By Krishnadevan V
Krishnadevan is Consulting Editor at BasisPoint Insight. He has worked in the equity markets, and been a journalist at ET, AFX News, Reuters TV and Cogencis.
May 16, 2025 at 8:37 AM IST
India’s telecom saga has always had a flair for the dramatic, but the latest act is particularly intriguing. With the government, now holding a hefty 49% stake in Vodafone Idea, it finds itself in an awkward position--part owner, part bystander, and, increasingly, part scapegoat.
This wasn’t a calculated investment or a bold strategic move; it was more of an accidental acquisition, forced by a massive equity swap for unpaid dues. And, it appears the issue is far from resolved.

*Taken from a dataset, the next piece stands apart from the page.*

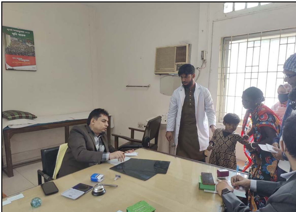
In medical camp, we found a girl with broken leg, immediately sent to hospital for plaster. Jashore Hospital medical officer checking her condition.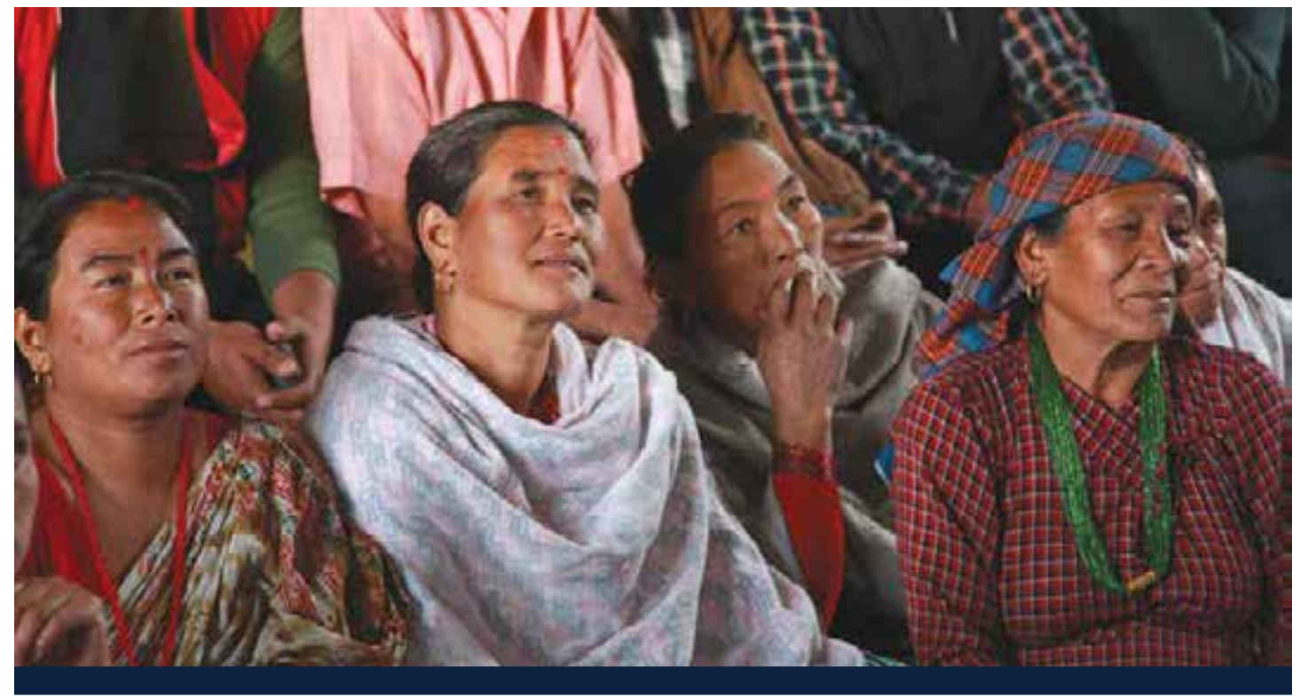
Community at a discussion of water supply and sanitation in Nepal.

Engagement with stakeholders to understand appropriateness of a foundation as a mechanism for delivering benefits should ideally be linked with a company's CI strategy. If a company does not have a CI strategy or its CI strategy is out of date, a separate stakeholder engagement process may be needed to develop such a strategy.

Vodafone Idea is back in the Supreme Court, seeking fresh relief on its adjusted gross revenue dues and pointing out, with a hint of irony, that the government as a “partner” is unable to help because of the very court it now petitions.

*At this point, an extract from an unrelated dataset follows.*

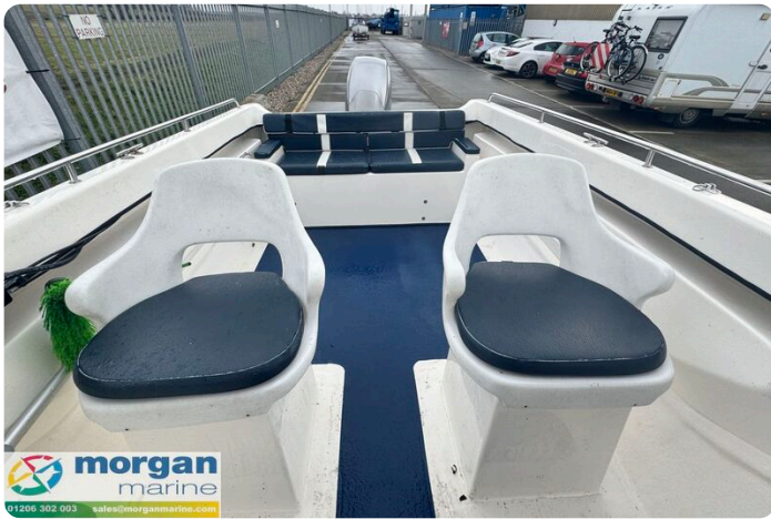
Predator 165 sea angler - pilot

On paper, the government’s equity conversion was supposed to stabilise the sector, prevent a duopoly, and give Vodafone Idea a fighting chance. In practice, it has created a peculiar power dynamic.

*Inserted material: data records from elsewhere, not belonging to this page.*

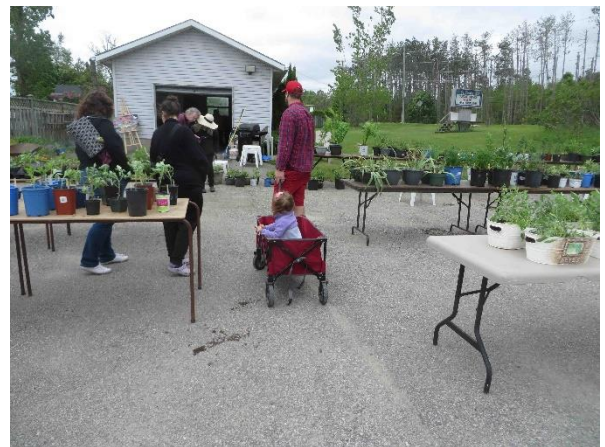
Flowers at the Plant Sale on a cold and windy day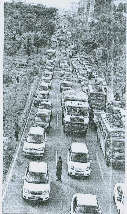
JEFF ANGOTE IN NA

Motorists held up in traffic jam on Mombasa Road in Nairobi yesterday. The new traffic flow plan at city roundabout caused confusion among motorists, creating a major snarl-up. See story on Page 16.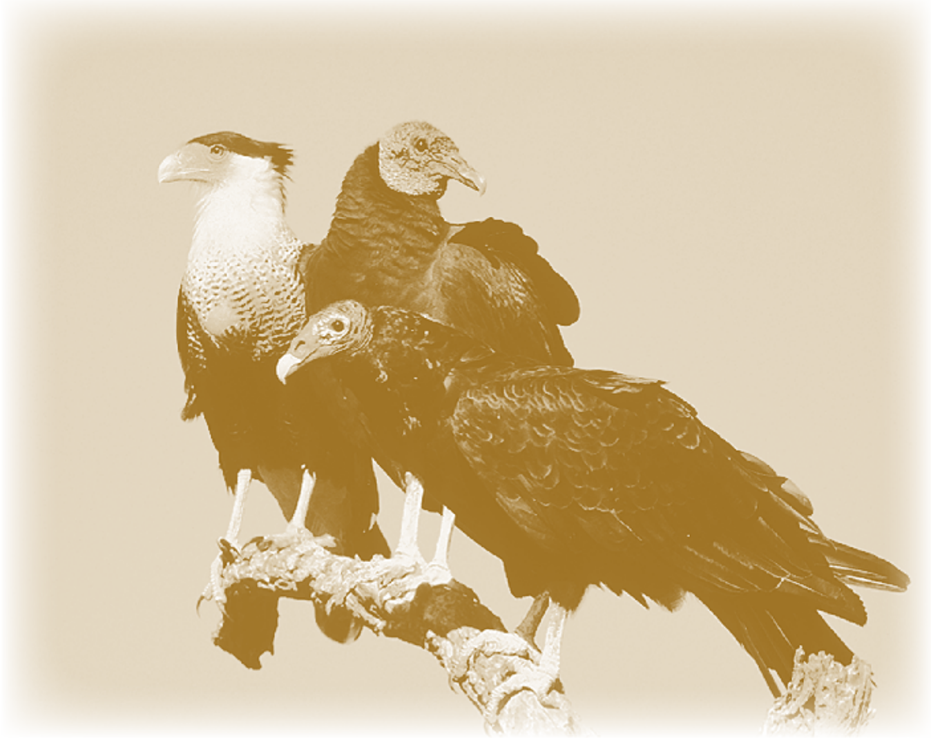
Good photo, easy birds

The government is the largest shareholder, but it can’t act in the company’s interest without court approval because of the court’s judgement. Vodafone Idea’s legal plea leverages this, suggesting that government ownership should count for something in the eyes of the law.
This is not a question of policy. The 2021 telecom reforms already addressed issues like excluding non-telecom revenue from AGR calculations. Media reports suggest that the government is considering financial relief on issues related to interest and penalties.
The real issue is accountability in Indian business. It’s basic financial prudence to provide for contingent liabilities. Litigating liabilities with the intent to frustrate the creditor is a systemic weakness. When companies can convert dues into government equity, and then use that relationship to seek judicial relief, the incentives for financial discipline begin to unravel.
This playbook risks turning the government into a perpetual shock absorber for corporate risk, with the exchequer left holding the bag. The irony is hard to miss.
The government’s intervention to prevent market collapse is now being used as a leverage in legal battles. Vodafone Idea’s argument appears to be a strategic gambit that could set a precedent for other struggling firms with state equity on their books.
If courts are persuaded, similar petitions could soon surface across sectors, from mining to banking, each using government ownership as a lever for further concessions. Bharti Airtel is already exploring the idea of a similar arrangement for its own dues of ₹410 billion to the government.
When companies realise that unpaid dues can be converted into government equity, the incentive for discipline evaporates.
Equity swaps and bailouts are meant to be tools of last resort, deployed with clear conditions and robust oversight. Without strong institutional guardrails, the lines between genuine rescue and reward for failure blur dangerously.
So what is the way forward? If the government holds equity in bail-outs or loan settlements, it should do so with stringent, transparent conditions that link its stake to performance milestones and real oversight powers. The Companies Act’s requirement for issuing shares at face-value, even when the market price is lower, needs to be amended. Vodafone issued 36.95 billion shares to the government at ₹10 per share in April when the market price was below ₹8 per share. More importantly, how courts interpret government bailouts will determine whether judicial relief becomes a default corporate strategy.
At the end of the day, if bailouts morph into routine rescues, market discipline erodes. The government is not just an investor here. It is, increasingly, a hostage to its own good intentions. Unless a firm line is drawn between genuine rescue and opportunistic relief, the exchequer will keep paying for corporate misadventures.